_Records supplied_
------------------------------

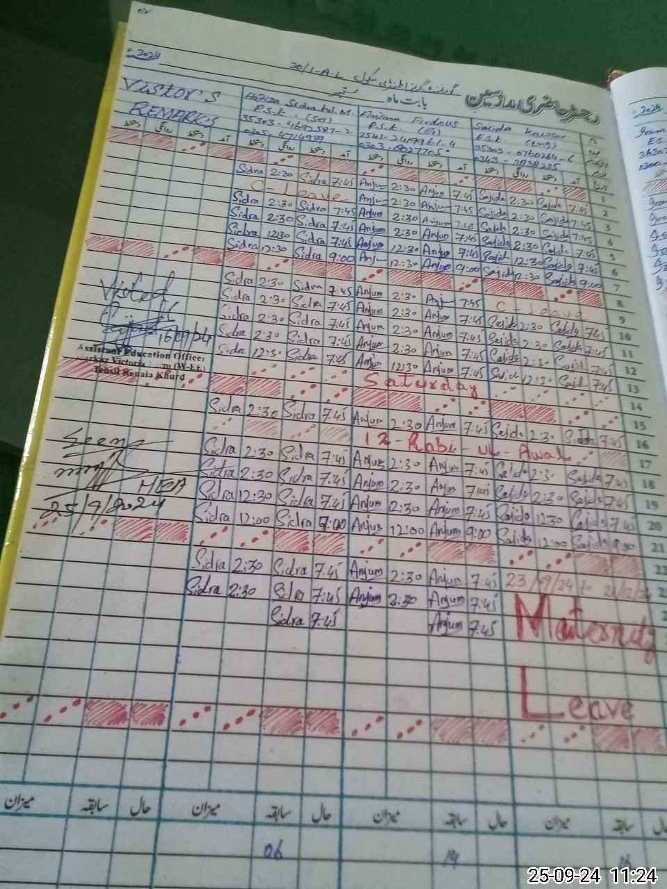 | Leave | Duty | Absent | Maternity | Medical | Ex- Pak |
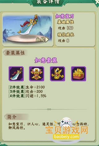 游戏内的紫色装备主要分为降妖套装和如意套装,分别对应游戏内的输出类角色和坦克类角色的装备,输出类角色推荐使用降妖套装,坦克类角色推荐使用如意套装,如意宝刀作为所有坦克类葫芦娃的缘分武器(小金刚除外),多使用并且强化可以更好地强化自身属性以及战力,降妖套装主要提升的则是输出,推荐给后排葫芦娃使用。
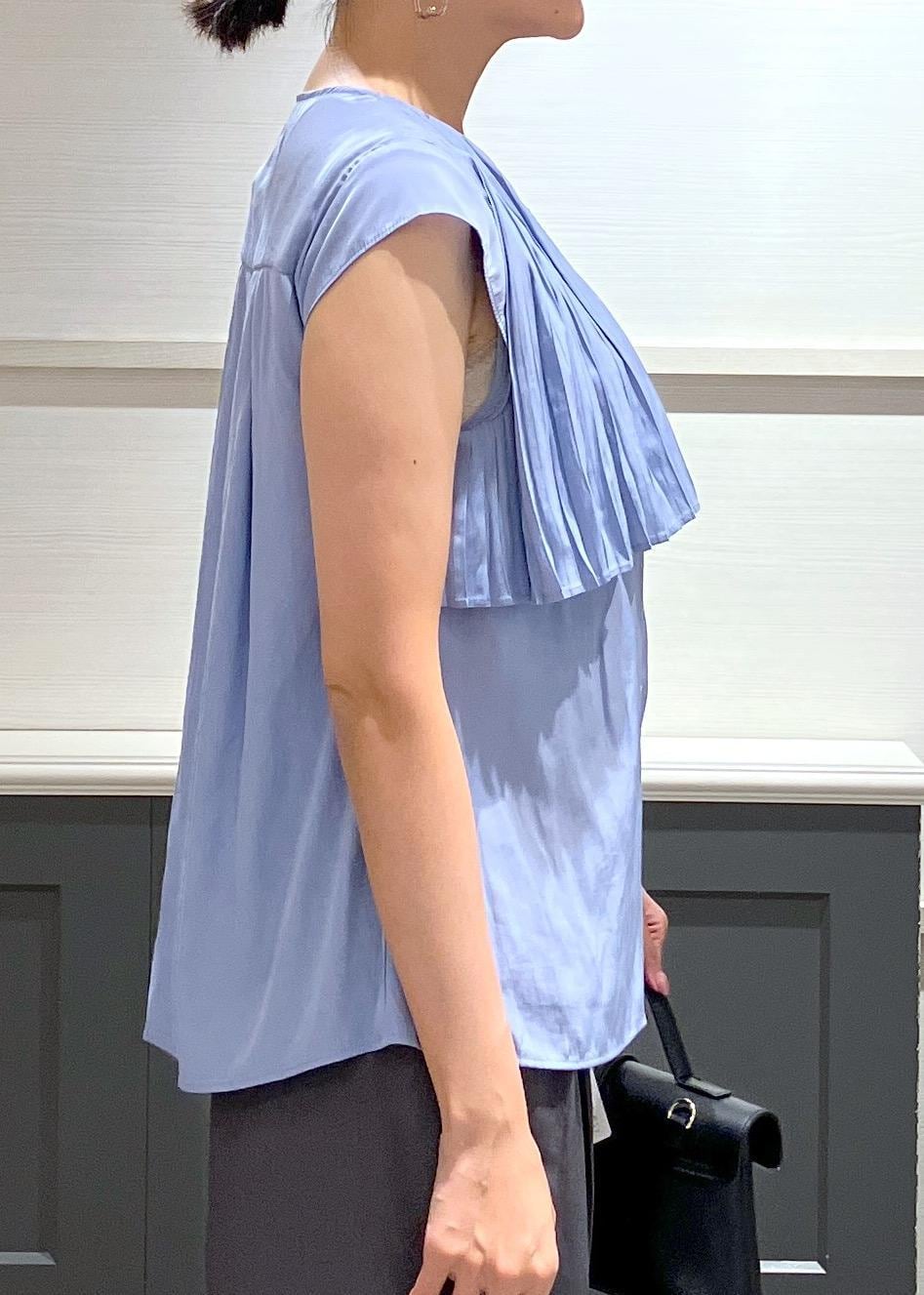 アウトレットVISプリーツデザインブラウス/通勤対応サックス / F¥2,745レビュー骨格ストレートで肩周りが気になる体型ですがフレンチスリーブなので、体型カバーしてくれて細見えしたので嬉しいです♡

------------------------------

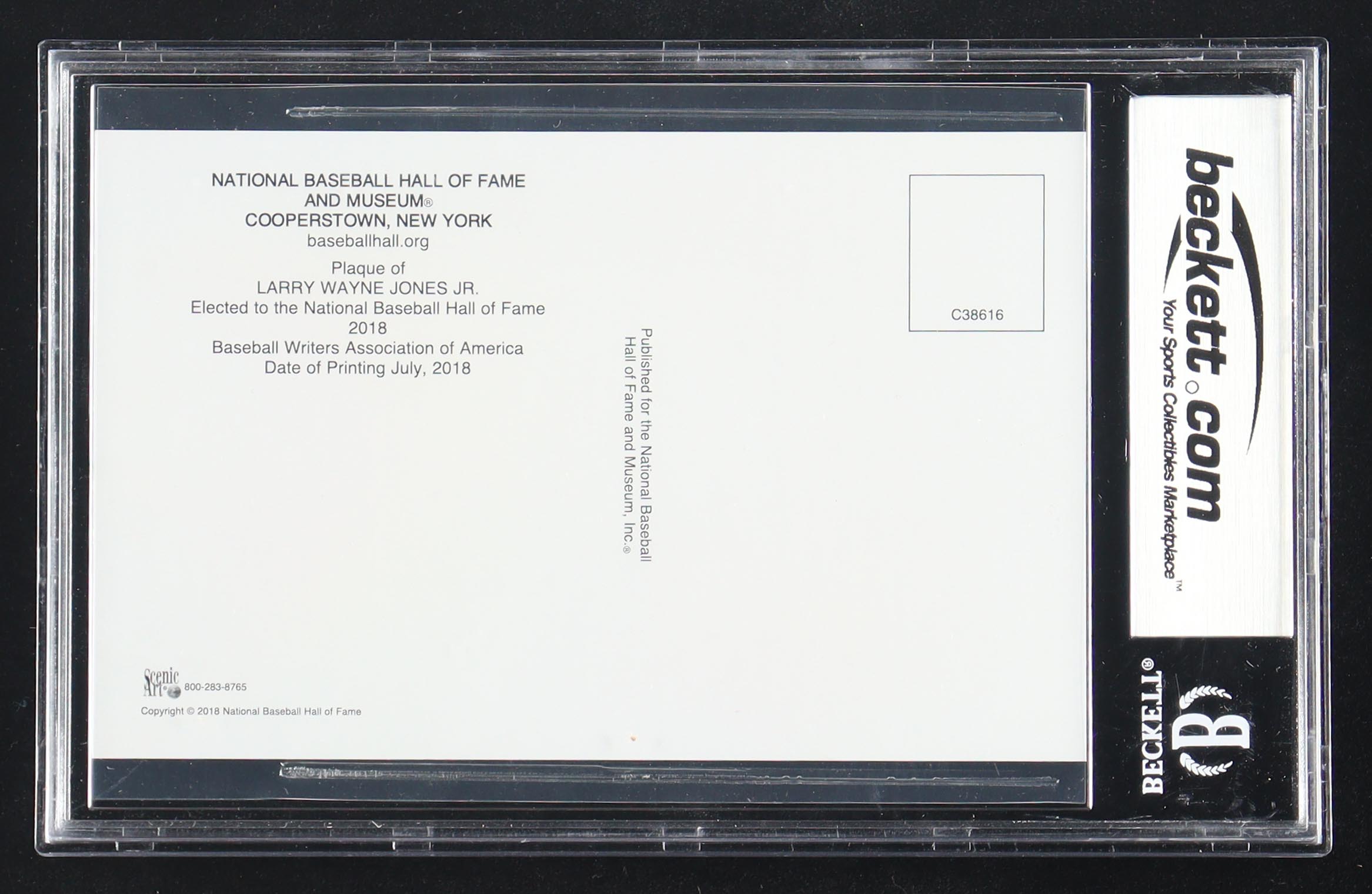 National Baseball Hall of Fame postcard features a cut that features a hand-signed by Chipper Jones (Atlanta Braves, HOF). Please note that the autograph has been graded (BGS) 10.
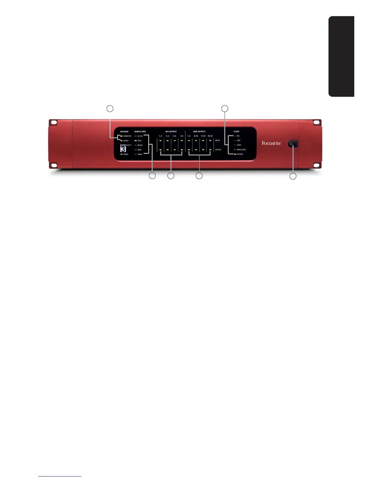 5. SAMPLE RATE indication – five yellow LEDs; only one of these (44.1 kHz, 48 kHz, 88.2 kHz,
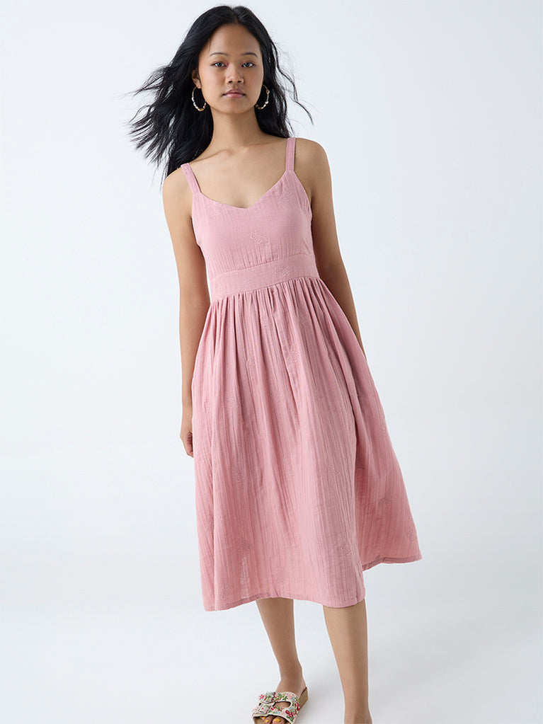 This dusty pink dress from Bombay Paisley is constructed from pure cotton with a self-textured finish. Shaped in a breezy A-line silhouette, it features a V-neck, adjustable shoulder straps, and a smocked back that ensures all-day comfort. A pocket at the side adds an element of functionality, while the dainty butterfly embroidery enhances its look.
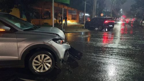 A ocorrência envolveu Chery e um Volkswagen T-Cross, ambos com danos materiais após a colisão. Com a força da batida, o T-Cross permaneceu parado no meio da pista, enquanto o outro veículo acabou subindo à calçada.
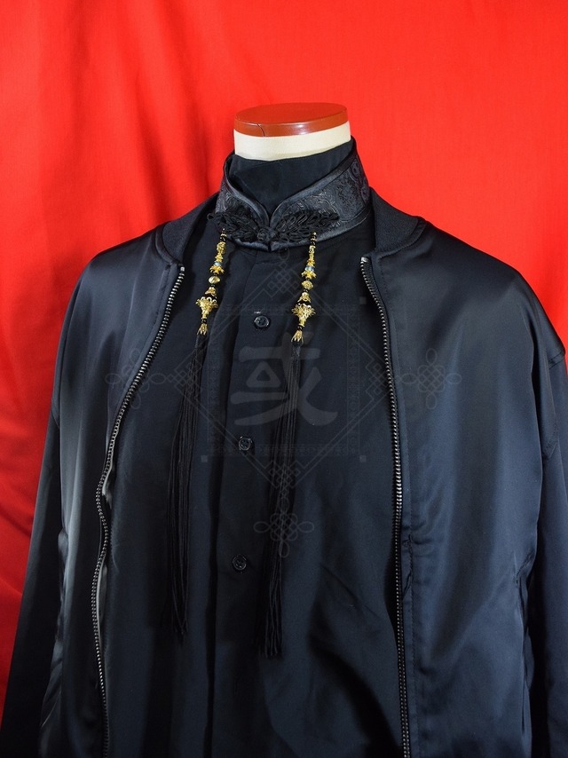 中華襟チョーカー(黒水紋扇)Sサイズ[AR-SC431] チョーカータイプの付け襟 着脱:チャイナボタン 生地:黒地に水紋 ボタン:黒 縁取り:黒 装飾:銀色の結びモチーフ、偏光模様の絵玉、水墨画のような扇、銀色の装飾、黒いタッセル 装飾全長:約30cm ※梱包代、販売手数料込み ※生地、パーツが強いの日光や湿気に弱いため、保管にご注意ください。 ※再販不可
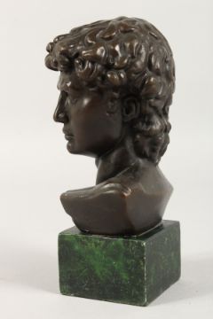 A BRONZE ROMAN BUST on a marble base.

------------------------------

Using the entries above, transcribe every line from the line containing "A ocorrência envolveu" through the line containing "A BRONZE ROMAN BUST on a marble base.". Do not copy pictures.

_Task result_
 A ocorrência envolveu Chery e um Volkswagen T-Cross, ambos com danos materiais após a colisão. Com a força da batida, o T-Cross permaneceu parado no meio da pista, enquanto o outro veículo acabou subindo à calçada.
 中華襟チョーカー(黒水紋扇)Sサイズ[AR-SC431] チョーカータイプの付け襟 着脱:チャイナボタン 生地:黒地に水紋 ボタン:黒 縁取り:黒 装飾:銀色の結びモチーフ、偏光模様の絵玉、水墨画のような扇、銀色の装飾、黒いタッセル 装飾全長:約30cm ※梱包代、販売手数料込み ※生地、パーツが強いの日光や湿気に弱いため、保管にご注意ください。 ※再販不可
 A BRONZE ROMAN BUST on a marble base.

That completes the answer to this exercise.